Qu’il semble ardu d’exister dans l’ombre des géants que sont Pixar, Dreamworks et cette frange de studios de moindre envergure qui, en dépit de moyens plus limités, illuminent le cinéma de leur intelligence créative. Une façon de dire qu’il est possible de s’y faire une place, à raison de plus si vous possédez la force de frappe d’une production estampillée Columbia/Sony Pictures : mais, comme bien souvent, la quantité est rarement un gage de qualité…
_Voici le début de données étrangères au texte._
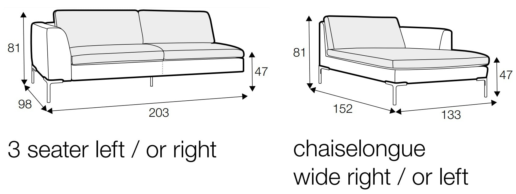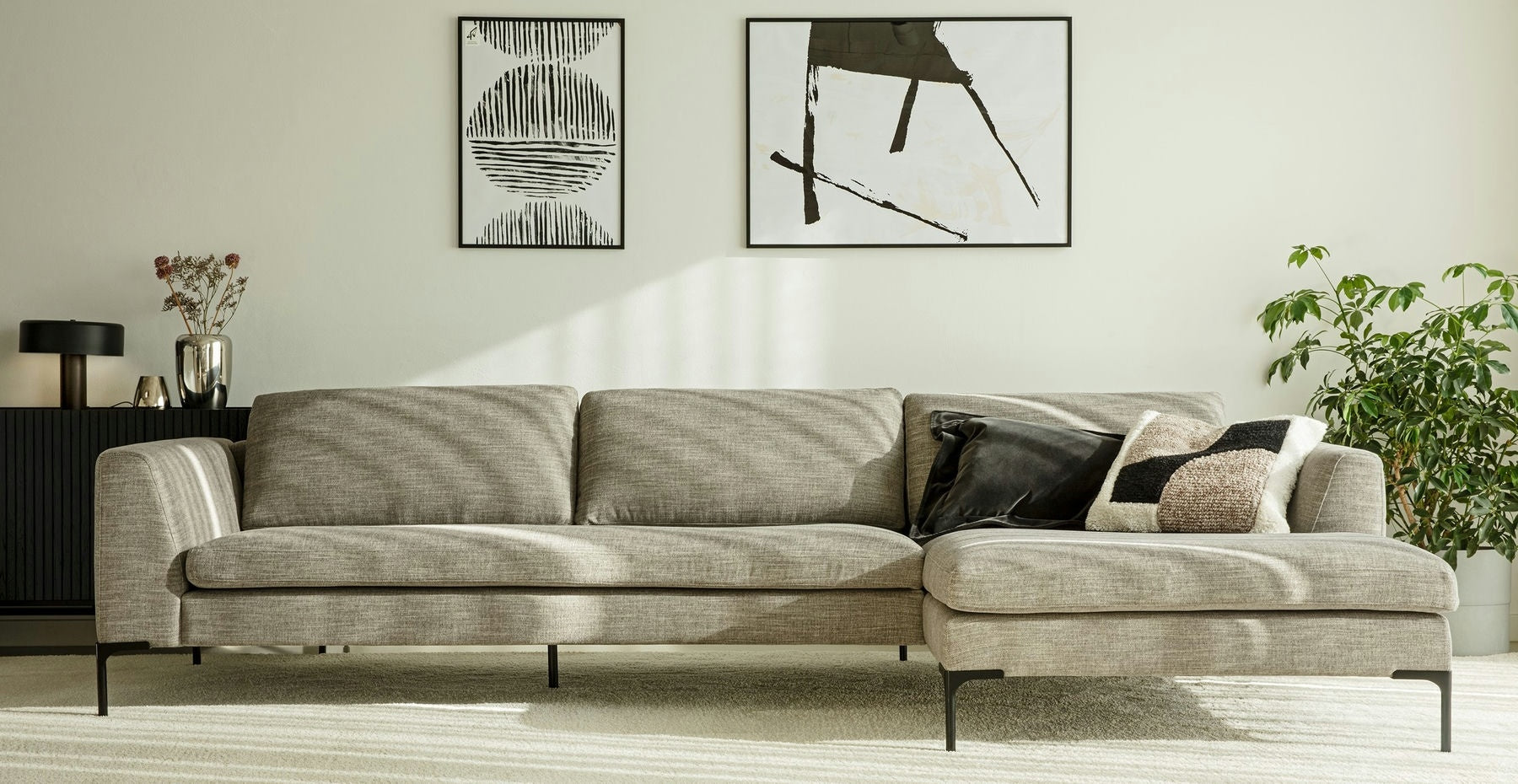 Sits Elton 3-Zits + Wide Chaise Lounge Grijs Beige Rechts|Links

À première vue, Open Season pouvait y aller de son petit effet : c’est-à-dire de maintenir l’illusion, surtout via un humour omniprésent, composant par voie de fait un divertissement sympathique à l’ambiance bon enfant. Néanmoins, le temps fini par passer, et les exemples de réussites (de tous bords) se multiplient : il devient alors évident que, n’en déplaise à des souvenirs complaisants, le long-métrage de Roger Allers et Jill Culton n’est en rien une œuvre louable.
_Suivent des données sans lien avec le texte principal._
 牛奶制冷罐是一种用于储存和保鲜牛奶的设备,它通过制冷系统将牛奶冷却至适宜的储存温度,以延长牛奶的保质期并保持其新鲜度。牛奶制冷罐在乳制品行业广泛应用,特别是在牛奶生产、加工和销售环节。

Non pas qu’il faille lui jeter la pierre, les tribulations de Boog et Elliot demeurant délurées et sans prise de tête, mais l’évidence s’impose d’elle-même : c’est sacrément pauvre, et ce sur tous les plans. Le regard paradoxalement attiré par sa ribambelle de décors appauvris, pour ne pas dire dénudés, son animation au rabais saute littéralement aux yeux : le design résolument cartoonesque de ses personnages est certes amusant, mais convenons que c’est bien peu, d’autant qu’Open Season a cette fâcheuse tendance à trop en faire pour sauver la face.
Sans envergure d’aucune sorte, ses principales prétentions pourraient donc résider dans son « choc des cultures », soit l’énième rencontre entre le monde humain et celui sauvage : avec pour socle commun le balourd Boog, pas aidé par le doublage rébarbatif de Martin Lawrence, cette intrigue aurait pu s’en sortir davantage si elle n’avait pas autant repompé les fondations d’un certain Shrek. Le mimétisme vis-à-vis de sa rencontre (et le duo qu’il formera) avec l’Âne, ainsi que la trame autour de son appartenance à un univers qu’il rejette en bloc, est tel qu’il est impossible d’attribuer à Open Season toute once de fraîcheur.
Vivant et mourrant au rythme de ses facéties sans garde-fous, ce long-métrage pesant (tout de même) 85 millions de dollars paraît bien creux : si les plus jeunes y trouveront peut-être leur compte, il n’en ira pas de même pour les spectateurs plus (ou moins) avertis, lassitude et autres sourires résignés faisant rapidement leur nid dans ce gloubi-boulga prévisible de bout en bout. Il va donc sans dire que nous nous épargnerons la peine de découvrir ses suites, toutes sorties (ô surprise) directement en vidéo.